### Problem statement
Copy out the data that comes next, character for character, and leave the images aside.

### Given material
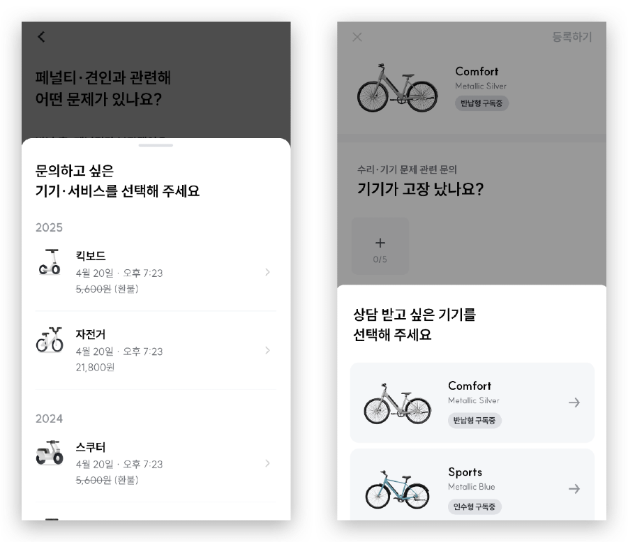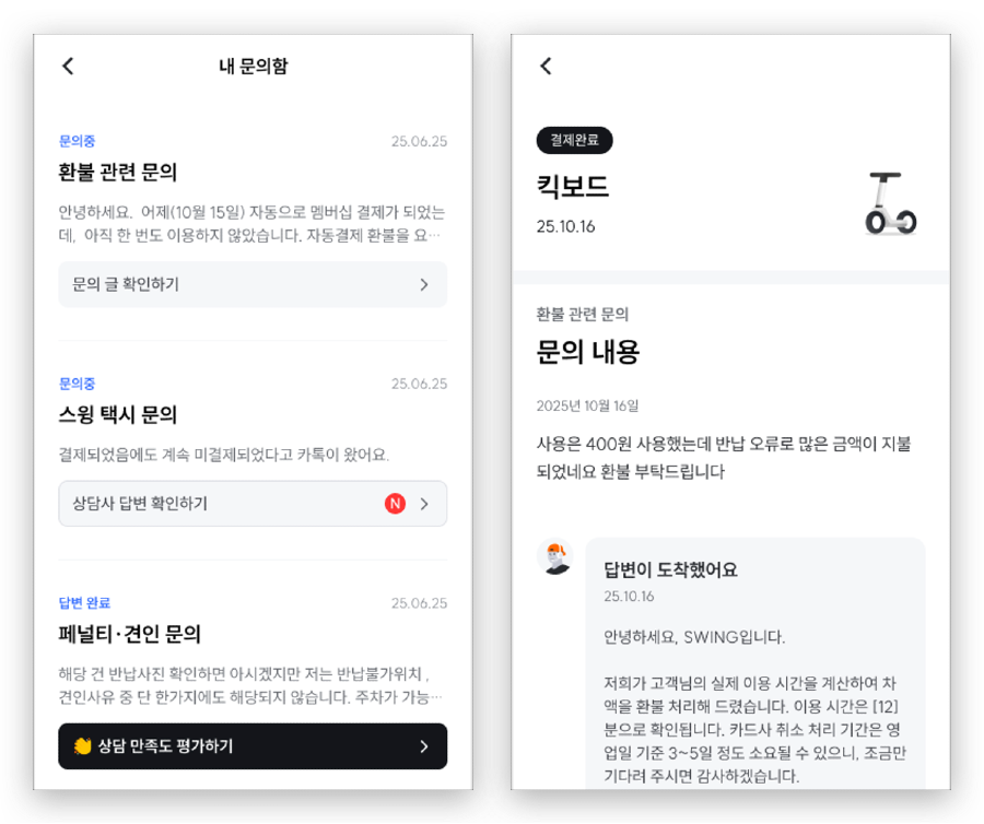 - 고객은 앱에서 라이드/구독 이력 선택 → 문의 생성으로 흐름을 단순화했습니다.
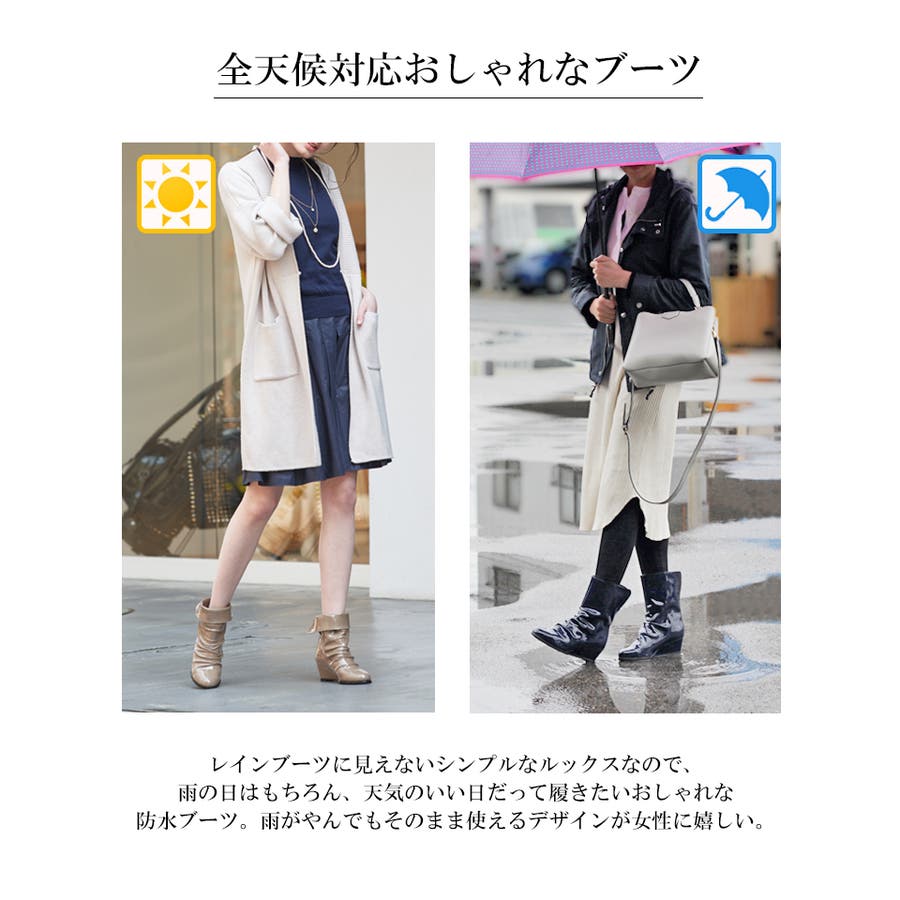 雨の日のお出かけはもちろん、通常のブーツとしてもお天気を選ばず履けます。
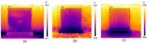 Se utilizó una cámara termográfica FLIR T440 y, durante la captura de imagen, se fijaron algunos parámetros del equipo, como la emisividad (0,81) y la distancia entre la muestra y la cámara (2 m), apuntando a una mejor resolución. La temperatura atmosférica medida por la cámara, en el momento del experimento, era de 23 ° C. Además, para mejorar el rendimiento del equipo, se montó e instaló un fondo oscuro detrás de las muestras, aumentando la nitidez de las imágenes.

### Solved problem
 - 고객은 앱에서 라이드/구독 이력 선택 → 문의 생성으로 흐름을 단순화했습니다.
 雨の日のお出かけはもちろん、通常のブーツとしてもお天気を選ばず履けます。
 Se utilizó una cámara termográfica FLIR T440 y, durante la captura de imagen, se fijaron algunos parámetros del equipo, como la emisividad (0,81) y la distancia entre la muestra y la cámara (2 m), apuntando a una mejor resolución. La temperatura atmosférica medida por la cámara, en el momento del experimento, era de 23 ° C. Además, para mejorar el rendimiento del equipo, se montó e instaló un fondo oscuro detrás de las muestras, aumentando la nitidez de las imágenes.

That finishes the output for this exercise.